Легенда о двоеженце Людвиге (Ludovicus Bigamus) известна в Германии и Франции с конца XVI века. Ее происхождение и последующую популярность исследователи связывают с богословскими спорами в эпоху Реформации, а именно с религиозным оправданием матримониальных проблем короля Генриха VIII и особенно графа Филиппа Гессенского лидерами протестантизма (так называемый тайный духовный совет (Beichtrat) виттенбергских теологов, указывавших на случаи двоеженства патриархов в библейской истории) [Malik]. Старинное изображение на могильной плите рыцаря, окруженного двумя женщинами (несомненно, известное Лютеру, учившемуся в Эрфурте), стало импульсом к созданию предания о графе-крестоносце, которому папа в XIII веке якобы разрешил то, что запретила католическая церковь Генриху и Филиппу в XVI веке (а если бы разрешили, то, возможно, раскола и связанных с ним религиозных войн и не было бы).

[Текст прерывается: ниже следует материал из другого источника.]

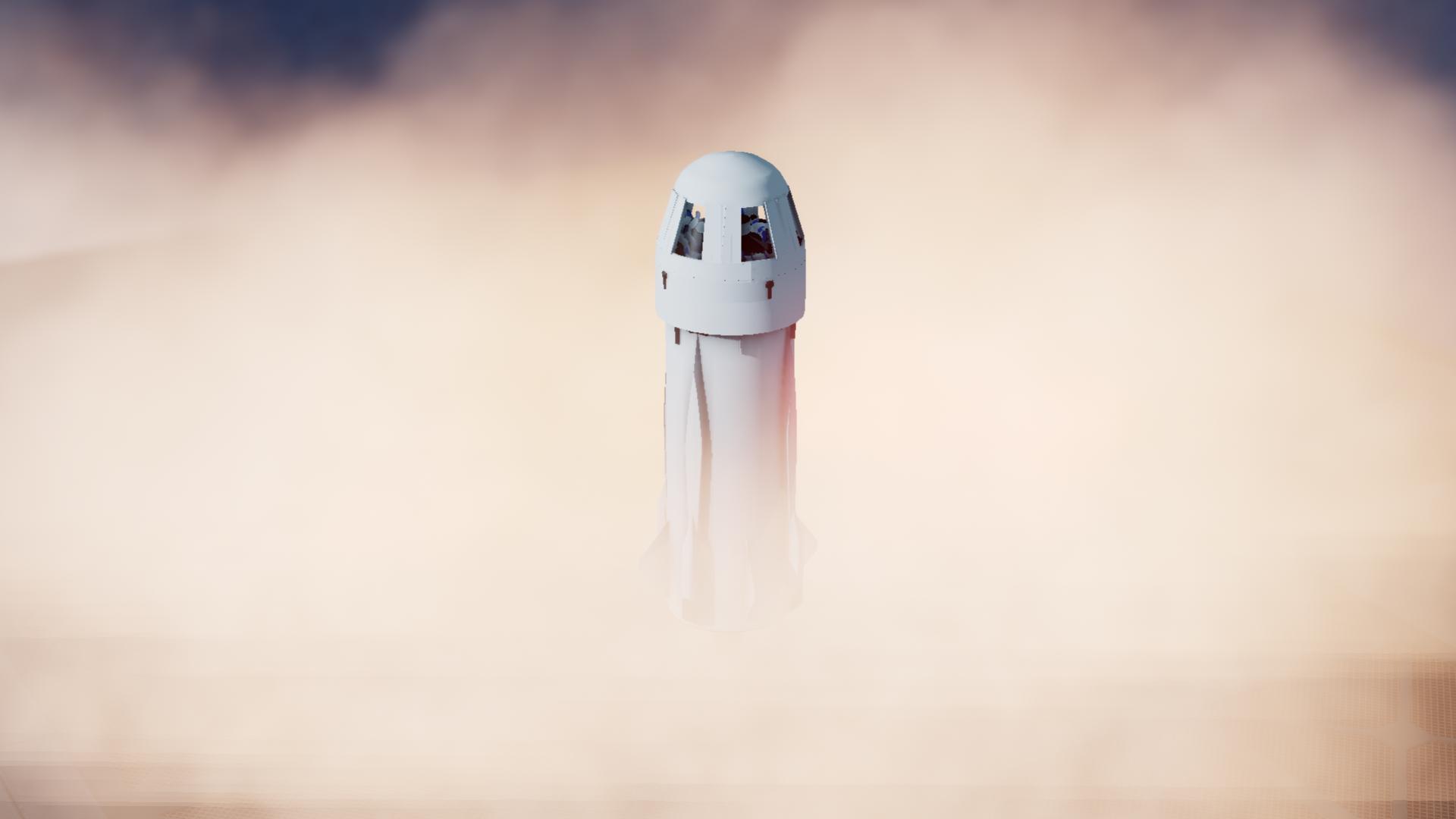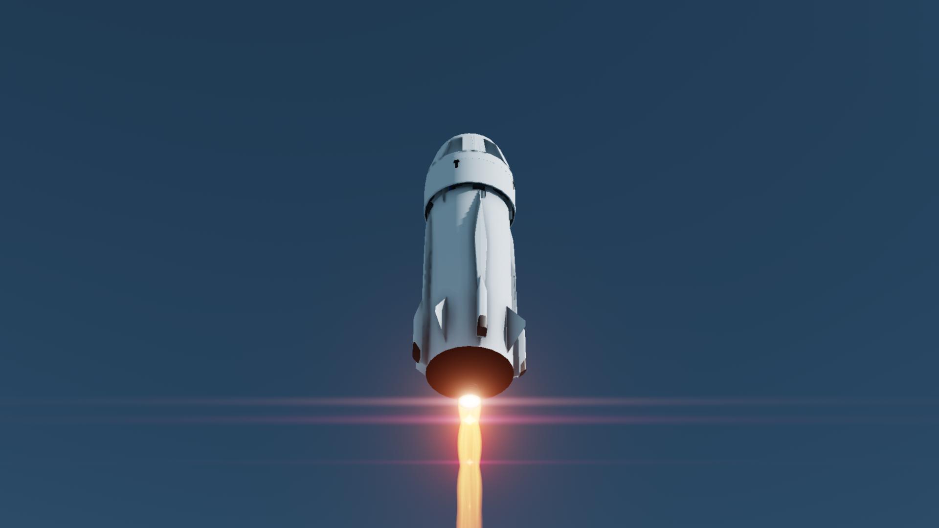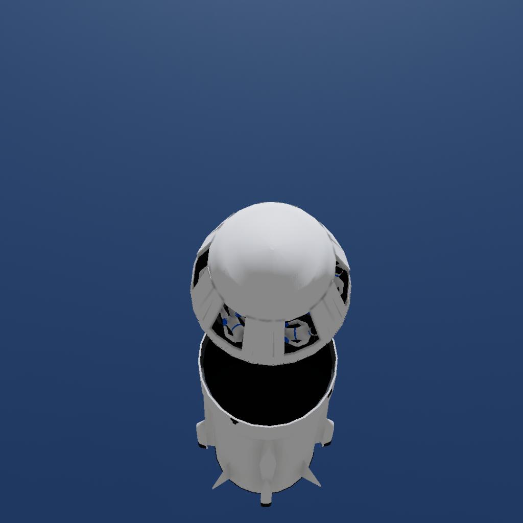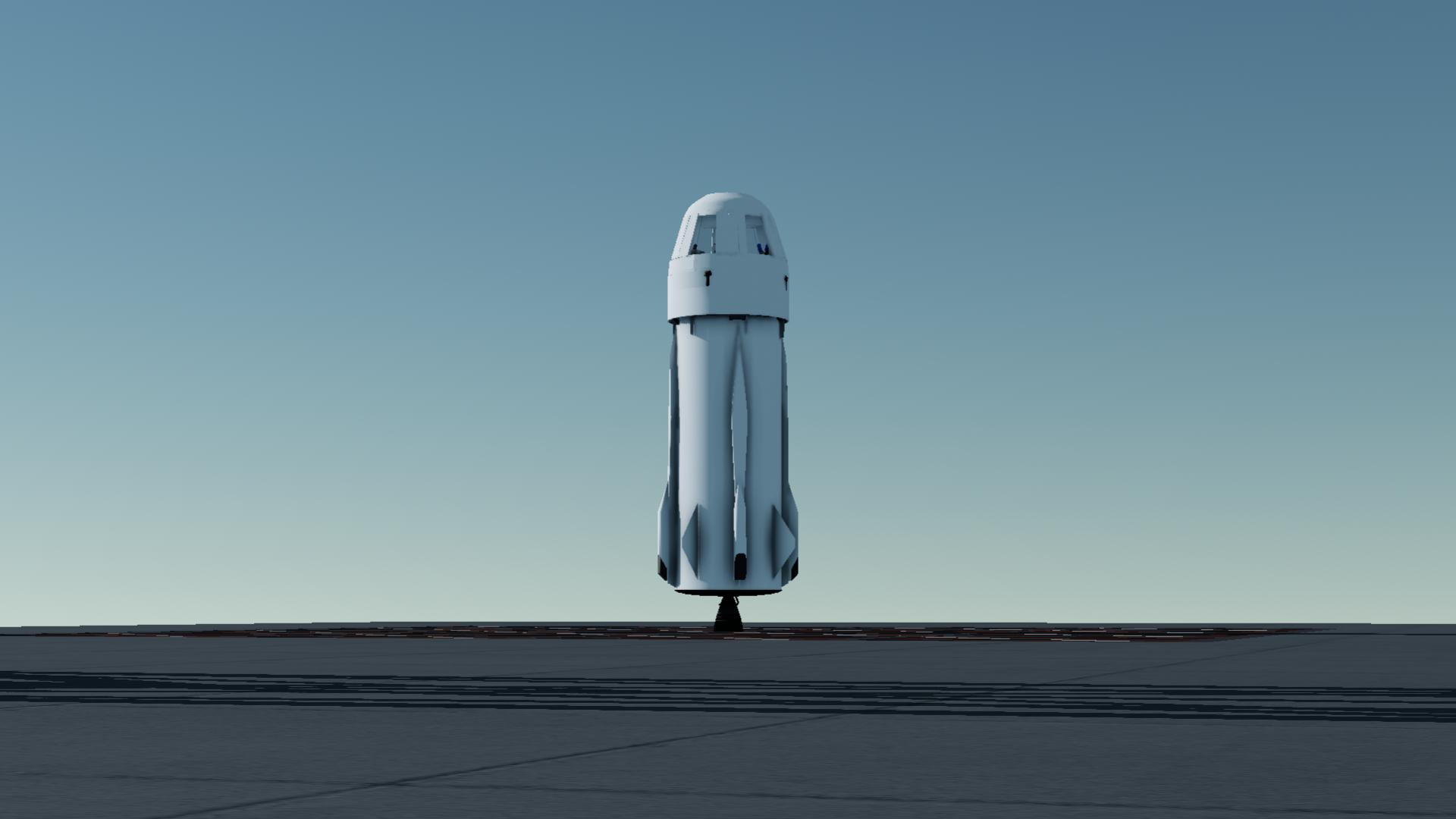 este es el nuevo shepard este cohete viene con sistema de escape y puede llevar a personas (en total 6) también su primera etapa es reutilizable y la cápsula igual (la primera etapa la tienes que aterrizar tu) (use el slider 1 para estirar las aspas)

В XVII веке, когда острота теологических споров ушла в прошлое, образ графа начал привлекать к себе внимание светских писателей и ученых. Галантную историю о любви графа и двух его жен написал барочный поэт X. Г. фон Гофмансвальдау, в интерпретации которого (обмен стихотворными эпистолами между героями) любовь магометанки спасает, а не разрушает гармонический христианский брак графа с первой женой. Диалектический парадокс этой истории, в будущем оказавшийся столь важным для романтиков, заключался в том, что «законный союз может быть спасен только с помощью трансформации его в незаконный. Бигамия спасает брак. Моногамия спасена своим отрицанием». В конце века статьи о графе Глейхене публикуются в знаменитых раннепросветительских словарях Луи Морери (1664) и Пьера Бейля (1696). Последний скептически отозвался об историчности этой легенды и сопроводил ее пересказ рассуждениями о любви и догме в отношении к вопросу о двоеженстве в католической и протестантской традициях. Легенда о Глейхене и его женах вошла в «Историю графов Глейхенов» (Historia der Graftschaft Gleichen), написанную известным саксонским историографом XVII века Каспаром Сагитариусом (Caspar Sagittarius). С этого времени рассказ о «двойной женитьбе» («Doppeleh») средневекового рыцаря включается в разные европейские сборники «исторических» анекдотов о занимательных приключениях и «любовных страстях», а также в основные путеводители по Тюрингии и родословные тюрингенской знати.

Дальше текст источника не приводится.